Moreover, incorporating Type I/II error rates, Precision–Recall (PR) curves, and class-weighted F1 scores can provide a more comprehensive understanding of the model’s limitations and inform future improvements, even though these measures will not change the conclusion that XGBoost is suboptimal for predicting health-based risks. PR curves reveal performance across thresholds and underscore the challenge of identifying positive cases, while class-weighted F1 scores may slightly enhance reported performance for minority classes (health-based risks).

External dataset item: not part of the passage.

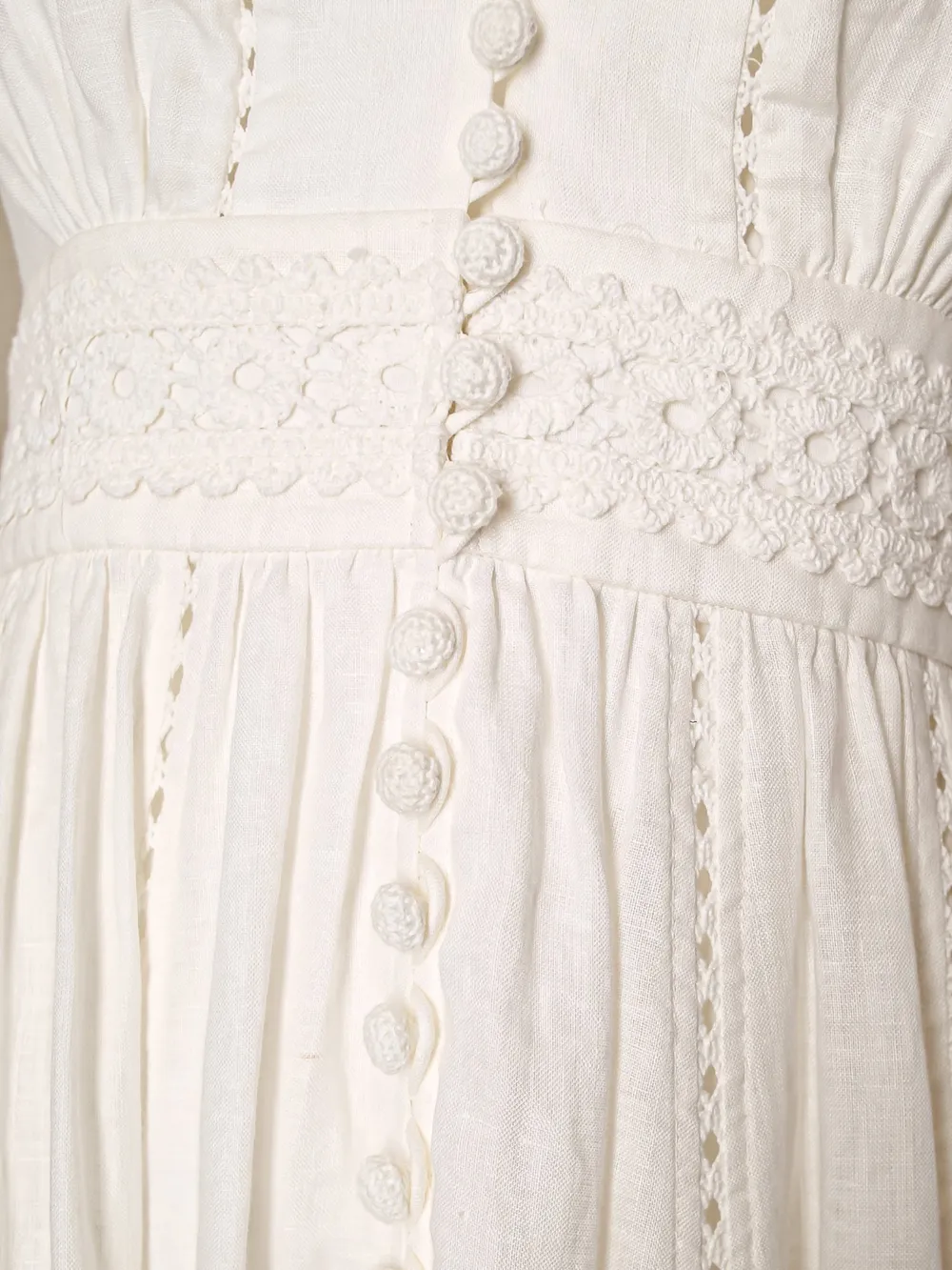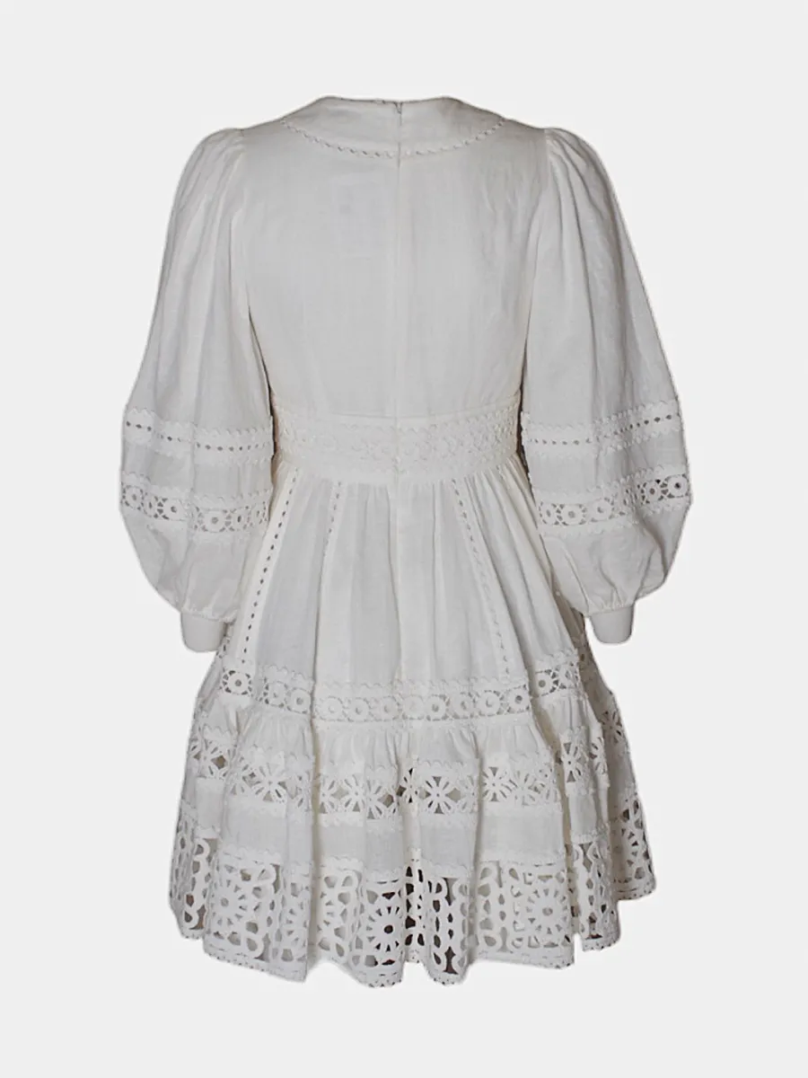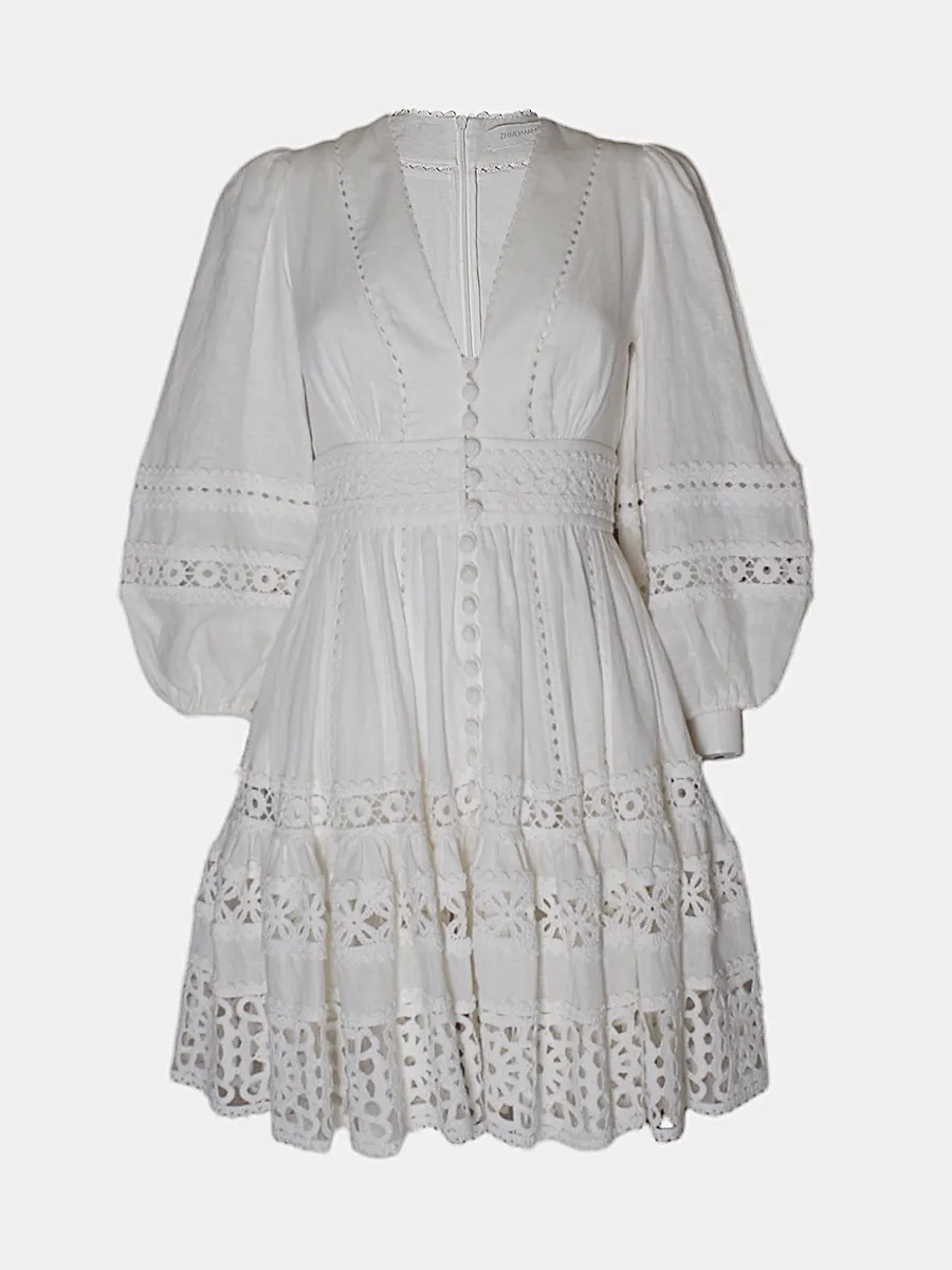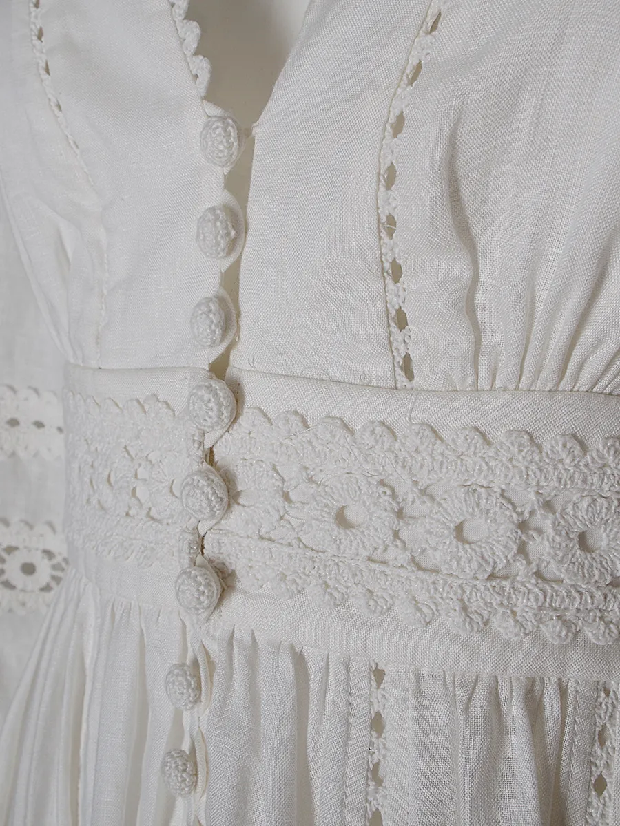 Платье Zimmermann выполнено из натуральной белой ткани с ручной вышивкой в технике «вырезная кружевная работа» — сочетание романтики и этнической эстетики. Модель с глубоким V-образным вырезом, пышными рукавами и поясом на талии подчеркивает женственность. Детали: декоративные пуговицы, драпировка и многоярусная юбка с узорами придают изделию воздушность и изысканность. Идеальный выбор для летних мероприятий, где важна уникальность и качество исполнения.

Community and Regulatory Characteristics Influence Risks More Than PWS Characteristics

In the XGBoost model, the mean SHAP values for PWS characteristic variables are 0.03 and 0.04 (see Table 5), which are notably lower than the values for community characteristic variables (0.09-0.20, see Table 6) and regulatory development variables (0.05-0.12, see Table 7). Similar trends are observed in the Logit and SVM models. Additionally, the Sobol S1 and ST indices for community characteristics (see Appendix 4) are consistently higher than those for PWS and legal development characteristics (see Appendices 3 and 5) across the 3 models, indicating that community factors contribute more to overall output variance than system-level or regulatory variables.

These findings suggest that community and regulatory development characteristics have a greater influence on risk predictions than PWS characteristics, consistent with previous studies indicating that these factors are fundamental social determinants of drinking water quality.^15
-17 They partially contribute to risks through pathways such as PWS investment and management, environmental enforcement, and public education.^20,23,25 New regulations may further amplify this influence by defining more types of risks, tightening thresholds for environmental violations, or mandating additional PWS improvements.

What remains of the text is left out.